Hizbullah ayrıca Palmachim Hava Üssü’ne roket saldırısı düzenlediğini açıkladı. Lübnan-Filistin sınırından Tel Aviv'in 140 kilometre güneyinde yer alan Palmachim Hava Üssü, İHA ve askeri helikopter filoları, bir askeri araştırma merkezi ve Arrow Hava ve Füze Savunma Sistemi’nin konuşlu olduğu İsrail Hava Kuvvetleri için önemli bir üs.

t8uk
Hizbullah tarafından fırlatılan roketlerin Tel Aviv çevresine isabet ederek evlere ve arabalara zarar verdiği bir bölgeyi inceleyen İsrailliler (AFP)

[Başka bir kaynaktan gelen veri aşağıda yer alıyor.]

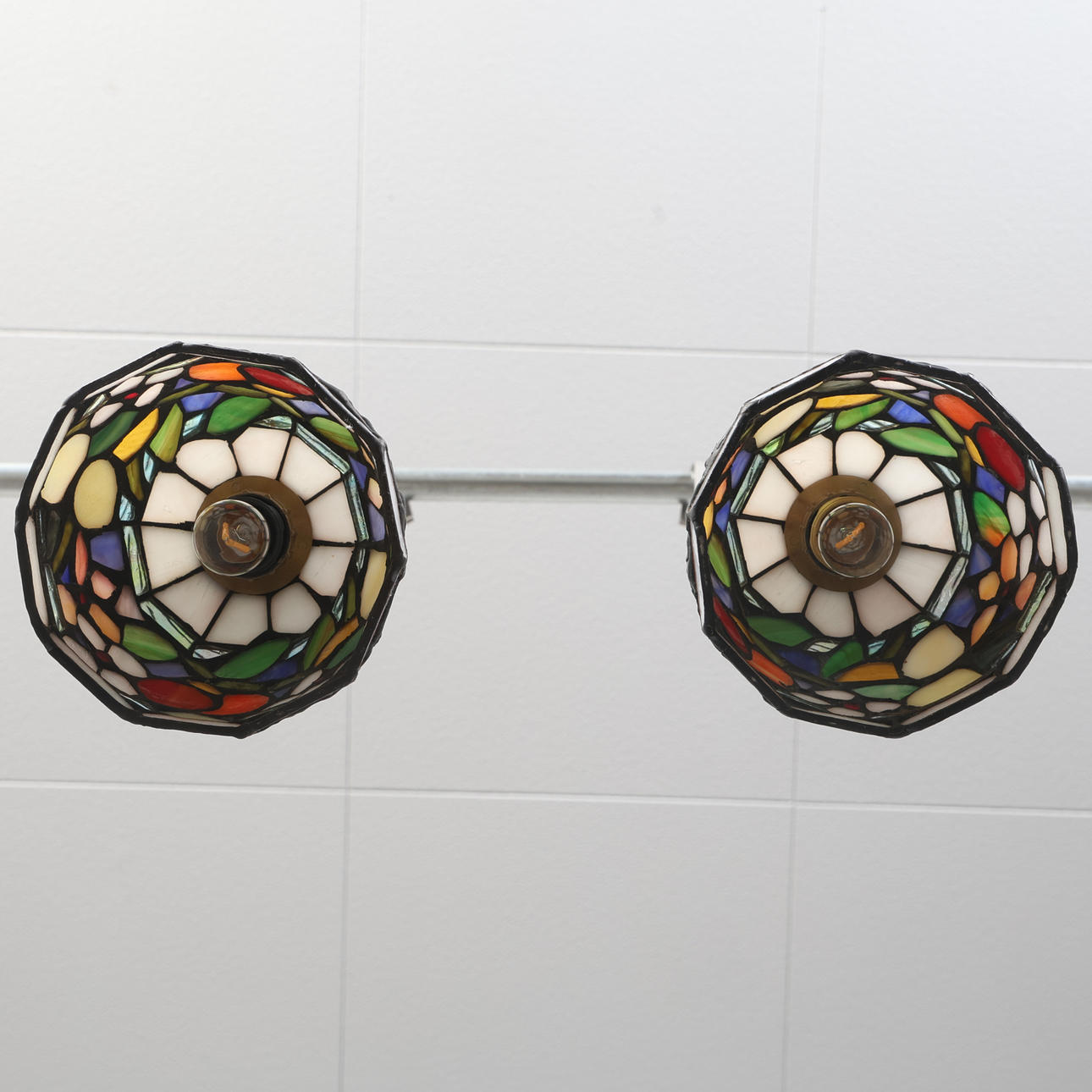 WINDOW LAMPS, a pair, Tiffany style, contemporary.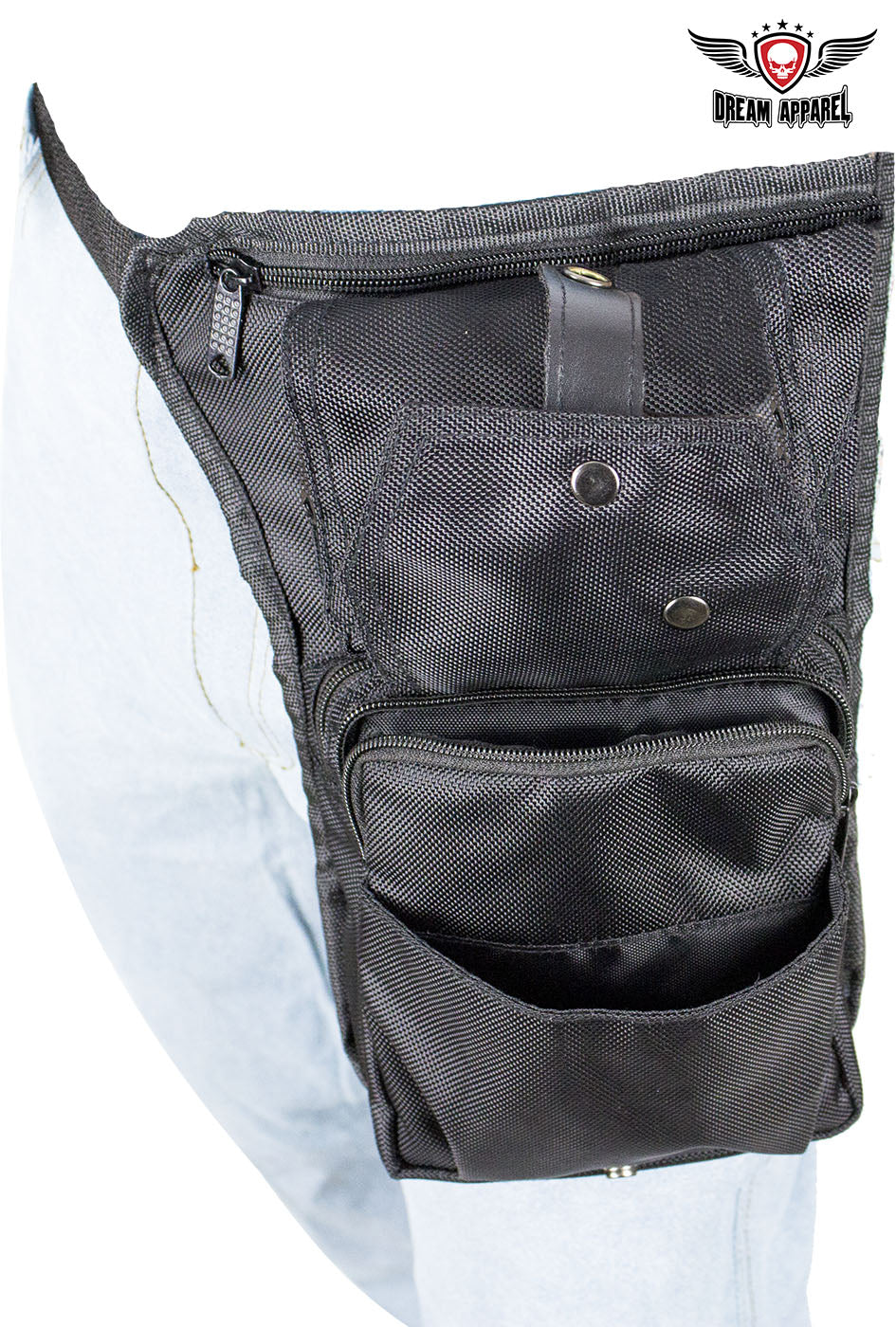 This durable, all-weather Black Textile Multi Pocket Thigh Bag with Gun Pocket features a large zippered gun pocket with a wide elastic strap. Measuring 11.75" x 8", it attaches easily to your belt and thigh. Additional storage is provided with a button snap flap that covers a zippered compartment and a slip pocket, another larger zippered compartment, an additional button snap flap that covers another zippered pocket and another slip pocket, and a zippered compartment on the back. If you're looking for a way to carry concealed with loads of room for everything else, then order yours now.

Hizbullah'ın açıklamasına göre Hatzor HaGlilit, Ma'alot-Tarshiha, Kefer Blum ve Kiryat Shmona yerleşim birimleri, Manara yerleşim biriminde İsrail ordusunun toplandığı nokta ve ‘Lübnan’da halkı ve köyleri hedef alan’ Di'Shon yerleşim birimindeki topçu mevzileri roketlerle hedef alındı.